Analysts expressed mixed reactions Monday to study results presented at the American Heart Association Scientific Sessions showing that adding low doses of Johnson & Johnson and Bayer's Xarelto (rivaroxaban) to standard therapy significantly prevented the occurrence of secondary cardiovascular events in patients with acute coronary syndrome (ACS), compared with standard therapy alone.
Leerink Swann analyst Seamus Fernandez remarked that "Xarelto appears to have hit the 'sweet spot' for efficacy with an acceptable safety profile." He suggested that the market for drugs to treat ACS is likely to exceed $1 billion, and Johnson & Johnson and Bayer's product could "be a meaningful competitor in an increasingly crowded space that has been relatively slow to develop commercially." He predicted that the low dose of the drug investigated in the late-stage ATLAS ACS 2 TIMI 51 trial would win FDA approval.
Results showed that in patients who took the low dose of the drug twice daily, the risk of cardiovascular death was reduced by 34 percent, compared to standard therapy. Although data also indicated that Xarelto significantly increased the rate of major bleeding, the drug wasn't associated with an excess risk of fatal bleeding over standard therapy alone. "This will make Xarelto a must-have drug for cardiologists for at least a proportion of their acute coronary syndrome patients," UniCredit analysts Craig Maxwell and Andreas Heine said.

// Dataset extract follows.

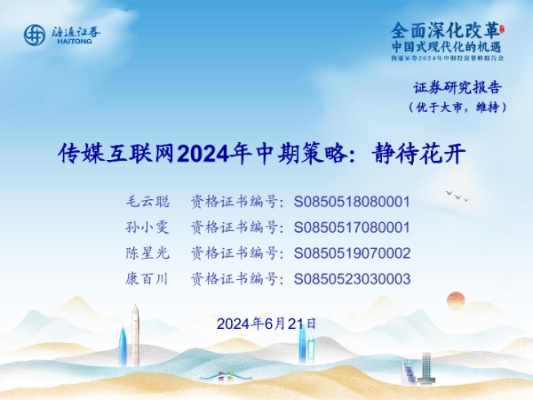 【海通证券】【20240621】传媒互联网行业2024年中期策略:静待花开-33页

However, analysts at Deutsche Bank said they expected Xarelto's "use in ACS to be limited, given the availability of newer, more potent antiplatelet regimes," including AstraZeneca's Brilinta (ticagrelor), which they noted "improve outcomes with less increased bleeding." Along with Brilinta, Eli Lilly's Effient (prasugrel) is approved to treat patients with ACS, with both drugs being used instead of standard treatment with Bristol-Myers Squibb and Sanofi's Plavix (clopidogrel). Xarelto will likely be used in combination with Plavix. "The initial commercial potential [of Xarelto] looks limited, given the increased bleeding risks seen with Xarelto in the trial," the Deutsche Bank analysts remarked.
The UniCredit analysts also noted that the study results "combined with the failure of key competitor Eliquis in the prevention of venous clots presented in the same meeting, will in our view drive a significant sentiment swing in favour of Xarelto among cardiologists." Data presented at the conference showed that Pfizer and Bristol-Myers Squibb's Eliquis (apixaban) failed to significantly prevent venous thromboembolism in patients with acute medical illness, compared with Sanofi's Lovenox (enoxaparin).
Johnson & Johnson and Bayer plan to file for approval of Xarelto in the US and Europe for use in patients with ACS by the end of the year. The drug is already authorised by the FDA to reduce the risk of stroke and systemic embolism in patients with non-valvular atrial fibrillation, as well as for the prevention of deep vein thrombosis in patients undergoing knee or hip replacement surgery.